September 18, 2015

black badge of courage

The following is not FACTUALLY accurate. Details have been changed, things deleted, stuff made up, all to protect identity. But it is 100% absolutely true.

     I'm striding down the maze of hallways at midnight to the ER to do yet another admission. I'm tired and my back is feeling it from the constant sense of urgency that comes from an already busy night. I'm bent over ever so slightly as a consequence so my gaze is directed downward. I guess that's why our eyes met. He was in a wheelchair and the hospital gown gave his status as a patient away. He was lost and asking me for directions to the cafeteria. As I have trouble navigating out of a wet paper sack due to my lack of sense of direction, I told him to follow me as it was on my way to the ER.
     All I ask him is how is he doing this evening. That is it. Nothing more. Just being polite really. And slowly but steadily he begins to tell me troubles. Mid twenties. Made a living by the sweat of his brow and working with his hands. And now he is suddenly paralyzed because of multiple lesions in his brain. The neurologists think maybe infection, maybe cancer, maybe who knows. And he's telling me this without much detectable emotion but he's telling it in a way that is highly detailed. And it strikes me that he hasn't had the time nor the opportunity to talk about this, much less digest it. He's using me to help sort out all the thoughts and emotions whirling in his mind and heart. I do all that I know how to do which is to be fully present and just listen.
     After he found the cafeteria, he thanked me, shook my hand and abely rolled himself to get something to eat. In my mind, I'm wondering, "what the hell just happened?" Later, I ask my wife if I have something tattooed on me visible only to those in severe existential pain that says, "bear unto me the troubles of thine soul." She only half jokingly calls me an Angel of Death, but a merciful one. And, yes, she says that people can indeed feel something about me that invites them to open up. They can sense my pain like a dog can smell fear. I'm at a loss how they know but she's the intuitive one. And after knowing each other for over two decades, I've learned to trust that intuition of hers.

1 comment:

Jess said...

And, yes, she says that people can indeed feel something about me that invites them to open up.
As someone who stumbled across your blog and felt inclined to open up... yes, you do have something about you that invites people to open up.

You see people as human, regardless of their physical or mental difficulties.
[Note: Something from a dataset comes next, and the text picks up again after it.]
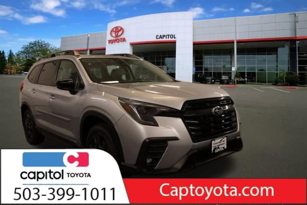 We Buy cars- Fast, Fair and Easy This 2025 Ice Silver Metallic Subaru Ascent Onyx Edition Touring AWD is well equipped and includes these features and benefits: Onyx Package (All-Weather Floor Liners, Auto-Dimming Exterior Mirror w/Approach Light, Black Chrome Rear Bumper Cover, Cargo Tray, LED Upgrade, and Splash Guards), Standard Model, 14 Speakers, 3rd row seats: bench, 4-Wheel Disc Brakes, ABS brakes, Air Conditioning, Alloy wheels, AM/FM radio: SiriusXM with 360L, Apple CarPlay & Android Auto, Auto High-beam Headlights, Auto-dimming Rear-View mirror, Automatic temperature control, Black Wheel Lug Nut & Lock Set, Brake assist, Bumpers: body-color, Compass, Delay-off headlights, Driver door bin, Driver vanity mirror, Dual front impact airbags, Dual front side impact airbags, Electronic Stability Control, Emergency communication system: MySubaru Safety (3-year free trial), Exterior Parking Camera Rear, Four wheel independent suspension, Front anti-roll bar, Front Bucket Seats, Front Center Armrest, Front dual zone A/C, Front fog lights, Front reading lights, Fully automatic headlights, Garage door transmitter: HomeLink, harman/kardon® Speakers, Heated & Ventilated Front Bucket Seats, Heated door mirrors, Heated front seats, Heated rear seats, Heated steering wheel, HVAC memory, Ice Silver Metallic Body Side Molding, Illuminated entry, Knee airbag, Leather Shift Knob, Leather steering wheel, Low tire pressure warning, Memory seat, Navigation System, Occupant sensing airbag, Outside temperature display, Overhead airbag, Overhead console, Panic alarm, Passenger door bin, Passenger vanity mirror, Perforated Nappa Leather-Trimmed Upholstery, Power door mirrors, Power driver seat, Power Liftgate, Power moonroof, Power passenger seat, Power steering, Power windows, Radio data system, Radio: Subaru 11.6 Multimedia System w/Navigation, Rain sensing wipers, Rear air conditioning, Rear anti-roll bar, Rear reading lights, Rear window defroster, Rear window wiper, Reclining 3rd row seat, Remote keyless entry, Security system, Speed control, Speed-sensing steering, Split folding rear seat, Spoiler, Steering wheel mounted audio controls, Tachometer, Telescoping steering wheel, Tilt steering wheel, Traction control, Trailer Hitch, Trip computer, Turn signal indicator mirrors, Variably intermittent wipers, Ventilated front seats, and Wheels: 20 x 7.5 J Aluminum Alloy w/Black Finish.

This comes across in your posts, and I'm sure it comes across in your in-person interaction. This is, unfortunately, not as common as it should be, even in healthcare. Even those who started out that way tend to get caught up in routine and heavy workload. I say that as a nurse who sees this to a greater or lesser extent in myself and my co-workers.

You asked how this man was doing. Even though it presumably wasn't convenient, you made an effort to listen rather than giving indication of impatience. You didn't have to do any of that. It's entirely possible no one else has asked that in a context where it wasn't professionally obligated, and that people in general aren't paying much attention to the guy in the wheelchair. Wheelchairs tend to invite avoidance.

You are a special person. I'm sorry that it is a burden.